Dreams, Daydreams, Inspiration by guest mystery author Penny Goetjen
DreamWatch.com is all about dreams.
I’m happy to host mystery author Penny Goetjen on my personal blog. Here at Writings on the Wall, I write about whatever interests me at the time, could be new blooms on an old houseplant or spotting a strange bug that landed in my driveway. DreamWatch is all about dreams. Please join me in welcoming my guest Penny Goetjen writing about dreams. —Kat
Dreams
Dreams are a funny thing. We encounter them during late night slumber, when all we’re hoping for is a few hours of solid rest to ready ourselves for the coming day. Most people experience them, but dreams don’t always make sense. Some are so startling, we’re shaken to the core and swear we’ll never forget them. Others are fleeting and, although we try to remember the details, they seem to dissipate like a wisp of smoke from the tip of a cigarette. Many just leave us amused by the seemingly random pieces our sub-conscious pulled together.
There are professionals—dream interpreters—who claim to be able to explain the meaning of dreams but are steeped in controversy over whether there is any validity in their methods.

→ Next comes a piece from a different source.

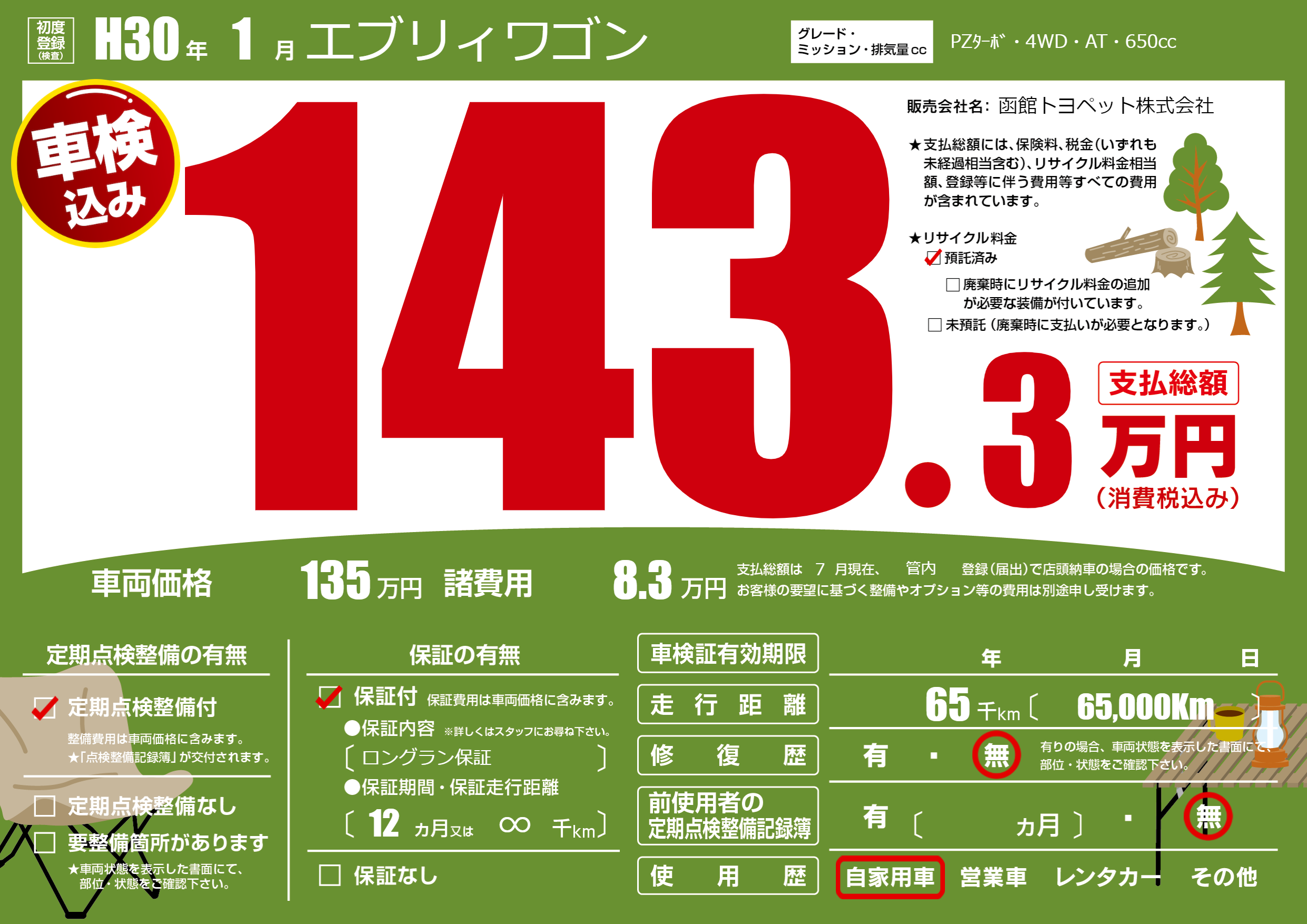 | 走行キロ | 6.5万km | 初年度登録 | H30年1月 |

Some offer to teach us how to interpret dreams ourselves, a sort of DIY psychological exercise. The desire to understand our elusive nighttime encounters goes back centuries to when there was a strong belief that dreams were a way of communicating with spirits. I happen to believe this does occur, although not as often as other types of dreams that are downright puzzling.
Daydreams
But where do daydreams fit into all of this? Are they similar enough in nature to be grouped in with night dreams? I would venture to say our more vivid daydreams could be similar in experience to the nighttime version and just as unsettling.
Inspiration
Murder On the Precipice
It was one such daydream in a fictional setting that sets into motion the events for Manhattan interior designer Elizabeth Pennington in Murder On the Precipice. It’s late on a Friday afternoon and her boss has just stepped out of the conference room so she’s alone in the quiet, gazing through the rain-splattered windows. As fatigue washes over her, she slips back to her childhood when she would climb the steps to the lighthouse and watch storms approach from inside the stalwart 100-year-old walls. Movement catches her eye on the breakwater. At first one, then a second figure struggles to keep from getting washed into the ocean by the waves churned up by the storm.

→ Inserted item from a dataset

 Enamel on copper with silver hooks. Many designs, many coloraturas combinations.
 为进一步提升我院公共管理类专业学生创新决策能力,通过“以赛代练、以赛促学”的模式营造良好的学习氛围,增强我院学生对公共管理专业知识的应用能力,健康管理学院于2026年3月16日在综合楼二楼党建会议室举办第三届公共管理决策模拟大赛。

Startled by her boss returning to the conference room, Elizabeth has little time to ponder the meaning of the daydream. Was it simply her active imagination at work? A repressed memory?

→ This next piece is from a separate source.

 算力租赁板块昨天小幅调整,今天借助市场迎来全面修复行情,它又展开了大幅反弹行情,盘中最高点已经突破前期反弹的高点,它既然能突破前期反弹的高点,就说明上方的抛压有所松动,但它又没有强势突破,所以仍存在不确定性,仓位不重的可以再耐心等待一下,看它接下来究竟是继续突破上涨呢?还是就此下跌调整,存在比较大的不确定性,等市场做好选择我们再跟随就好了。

As the story progresses, Elizabeth’s grandmother summons her to return to her childhood home—a quaint coastal inn in Pennington Point, Maine where a young female guest is missing, and the case is eerily similar to an unsolved disappearance years earlier when the family ran an all-girls school on the property. Elizabeth is determined to find the girl and save the inn from an elusive killer, but in her pursuit, she uncovers painful secrets that put into question everything she thought she knew about herself, her family, and her past. By the time the last page is turned, Elizabeth realizes the meaning of her daydream in the Manhattan conference room, high above the rain-soaked streets below.
Murder Beyond the Precipice
In Murder Beyond the Precipice, Elizabeth’s story continues when she receives an unexpected invitation to a wedding in Boothbay Harbor, Maine, up the coast from her family’s inn. She arrives unannounced at the celebrated estate-turned-inn to surprise a friend who works there, only to learn no one knows her whereabouts. Other disappearances soon follow and, in her quest for answers, Elizabeth stirs long-since-buried memories the locals endeavor to keep hidden, along with the scars left behind, and finds herself tangled in a trail of betrayal, deception, love lost, and murder.
Murder Returns to the Precipice
When murder checks in, the inn’s dark past resurfaces.
In the highly-anticipated third novel in the trilogy, Murder Returns to the Precipice, to be released October 17, 2019, Elizabeth has returned to her family’s inn which she lovingly restored to its former New England charm after a powerful hurricane nearly wiped it off the map. The untimely death of a young female guest in the fitness center threatens to tarnish the inn’s re-opening and appears to be an accident, but when a second body is discovered, Elizabeth fears the inn’s dark past has resurfaced, yet remains steadfast in her quest to carry on her grandmother’s legacy as innkeeper—until the killer comes after her.
Murder Returns to the Precipice, to be released October 17, 2019
And to think, it all began late one rainy afternoon in New York City, lost in a daydream of a tragic, life-altering childhood event.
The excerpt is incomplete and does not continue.